If I were a better blogger/person, I would have already have written my 2015 round-up and published it in the sweet spot between Christmas and New Year when there’s a flurry of such posts.
Instead, I was caught up in a flurry of holiday hosting and socialising which has only just come to an end. As John Lennon might have said, life is what happens when you’re not busy making other plans.
While I was experiencing 2015, it often felt like the lows were getting the better of the highs but looking back I can see there were a few ‘champagne moments’ along the way. So, without further ado, here’s a brief round-up of the key events from possibly the most eventful year in my life.
- Going freelance as a digital communications specialist and working with the lovely team at Helpful Technology to deliver their digital confidence and skills programme across Whitehall.
- Launching Open Rights Group Birmingham and working with passionate and principled people to protect and promote human rights in the digital age and oppose the Government’s controversial Investigatory Powers Bill.
- Getting involved with my local Labour Party in Bournville, helping my local MP Steve McCabe more than double his majority at the General Election in May and creating the Cats of the Campaign Trail blog.
- Photographing Birmingham Beer Bash for the third year in a row and having my photograph of Dismaland picked up by media outlets both here in the UK and abroad.
- Getting some much-needed good news towards the ends of the year about health issues which have affected my family throughout 2015.
- Being made redundant from my role as Communications Manager for ARK Kings Academy in Birmingham, due to a funding shortfall.
- Worries over family health issues, which thankfully improved as 2015 drew to a close.

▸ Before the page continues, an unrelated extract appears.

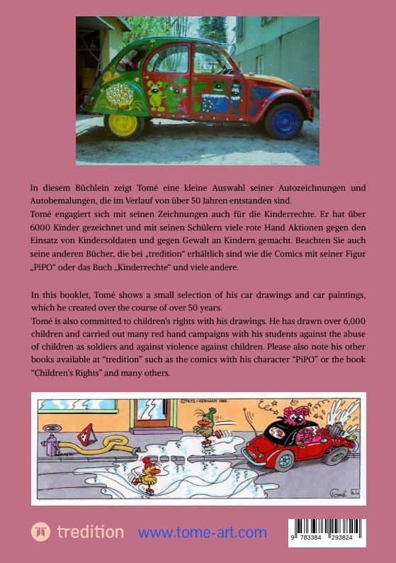 Welcher Junge ist bekannt, der nicht fasziniert wäre von Autos!? Autos waren schon immer ein Teil meiner Fantasie und Träume. Mein Traumauto, der Jaguar E-Type 2+2 stand als kleines Husky Modellauto (made in Great Bri-tain) seit 1969 als Sinnbild dafür in meinem Kinderzim-mer und später in meinem Studio.Nie hätte ich mir träumen lassen, dass ich dereinst dieses Auto in Echt mein Eigen nennen könnte.... und das auch noch als identisches Modell und gleichem Jahrgang wie mein Spielzeugauto, nämlich von 1969! Und nun ist er tatsächlich wahr geworden, dieser Bubentraum!Ich habe mein Leben lang immer wieder Autos gezeichnet, vorzugsweise die Traumautos meiner Matchbox Sammlung, die ich immer noch hege und in meinem Sammelkoffer aufbewahre... meine Bubenschätze eben. Später habe ich im Kunstunterricht als Lehrer das Thema "Auto" immer wieder aufgegriffen und meine Kinder Autos in allen Variationen zeichnen lassen, und das von der fünften bis neunten (Abschluss-) Klasse in verschiedenen Schwierigkeitsstufen... von der normalen Seitenansicht ohne Perspektive bis hin zur anspruchsvollen Dreifluchtpunkt-perspektive. Dazu habe ich meine Matchboxautos in die Klassenzimmer gebracht und jeder Schüler durfte sich ein Model (angesichts meines Alters für die Kinder natürlich alles "Oldtimer") zum Zeichnen aussuchen. Ich habe meinen Schülern zum Geburtstag auch immer wieder Autos gezeichnet. Eine kleine Auswahl meiner Autozeichnungen sind hier in diesem Büchlein versammelt.Does anybody know a Boy who isn't fascinated by autos!? Cars have always been a part of my imagination and dreams. My dream car, the Jaguar E-Type 2+2, stood as a small Husky model car (made in Great Britain) in my childhood room and later in my studio since 1969, as a symbol of this dream.I would never have dreamt that one day I would actually be able to call this car my own... and that even as an identical model and the same vintage as my toy car, namely from 1969! And now it has actually come true, this Boy's dream!I've been drawing cars all my life, preferably the dream cars from my Matchbox collection, which I still cherish and keep in my collection suitcase... my Boy's treasures. Later, as a teacher, I repeatedly picked up the topic of "cars" in art class and had my students draw cars in all variations, from the fifth to ninth (final) grades in various levels of difficulty... from the normal side view without perspective to the demanding three vanishing point perspective. I brought my Matchbox cars into the classroom and each student was allowed to choose a model (given my age, of course all "vintage cars" for the children) to draw. I always drew cars for my students' birthdays. A small selection of my auto drawings are collected here in this booklet.

- The stomach-churning feeling so many of us got at 10.01 pm on 7 May, when the exit polls announced the Conservatives would get the seats they needed to form a government and I would have to retire my Hell Yeah, I’m Voting Labour T-shirt.
- Watching Labour’s Andy Burnham put up virtually no opposition to the Government’s proposed Investigatory Powers Bill, even when Amnesty International (along with many other respected individuals and groups) have said the bill would effectively legalise mass surveillance put the UK government’s compliance with international law in disarray.
- Watching David Cameron use the fear, uncertainty and anger generated by the awful Paris attacks to secure parliamentary approval for bombing Syria and stooping to a new personal low by labelling opponents of bombing ‘terrorist sympathisers‘.